Legend has it that periodically Google would receive an anonymous e-mail with some gobbledeegook message with exactly 57 words. But sometimes they didn’t receive it. Finally somebody bright at Google figured out that they got the e-mail every time the number of words on the homepage exceeded 57. Google’s power lies in its simplicity and lack of distraction. Widgets, gadgets, graphics, and the rest are great but only, IMHO, if they serve a purpose. The largest complaint about corporate / organisational websites is that they are too complicated. The average time somebody spends searching on a website for something they want is 10 seconds. Then they search on another site.

This minimialist template fits my style. And I suppose my philosophy as well – since I lean towards voluntarism both as a theory and as an approach, at least insofar as Chandler discusses it. I also like the idea of me being in control of my blog, not the other way around – i.e. no technological autonomy for me. It’s not that I fear it, just that I dislike irrelevancy in the things I create and it’s possible for something to “get out of control” if not kept within certain bounds. Now I’m sounding highfalutin (“complicated” or “pretentious”) so I’ll give a clarifying example.

My university program’s student website has a simple chat forum, but it’s anonymous and has no clear mandate. As a technology it was created just to chat, but it frequently becomes a battle-ground for controversial subjects, hurtful ad-hominen attacks (made possible because of the anonymity of posts), and borderline inappropriate material, like pornagraphy or outright slander. Not that I am worried this will happen to my blog, but I think that by using the KISS strategy (keep it simple, stupid) I’ll be on track. When I do experiment or add something jazzy, it will have more meaning for me and be less likely to add clutter or annoyance.
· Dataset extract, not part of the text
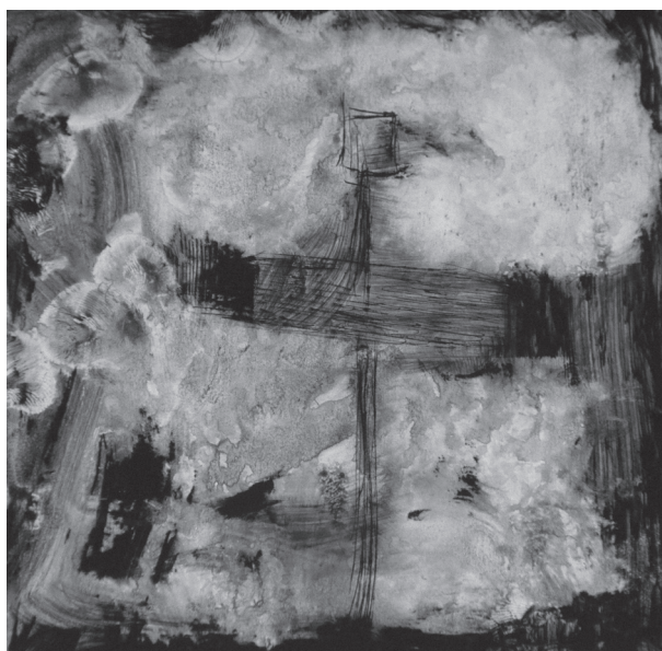
Figuras: 4, 5 y 6. Taller Diseño Gráfico e[ad] 2015. Grafías de la ciudad. Monocopia y punta seca sobre papel estucado, alt. 17 cm.
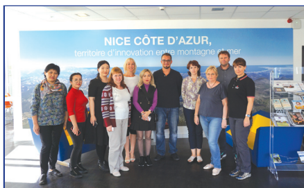
Ниццалық София-Антиполис университетіндегі семинар-тренинг (Франция)

The widgets I added are geared towards my interests (the Economist, for instance) and also to see what this RSS thing is. Some of my friends keep insisting that I RSSize my website but I have not looked into it a lot. This is a good place to experiment and if I like what I see I will “syndicate” my website. In fact being able to say “My website is now syndicated” makes me want to syndicate it. Perhaps I am more frivolous than I admit.


Pic

February 7, 2007

A picture from Spain from my other website… hope this works.

Bradley and Michael on a beach in Málaga

… it didn’t at first because it was about six sizes too large. However I discovered that you can actually make the picture smaller by dragging the corners in once you’ve linked the image.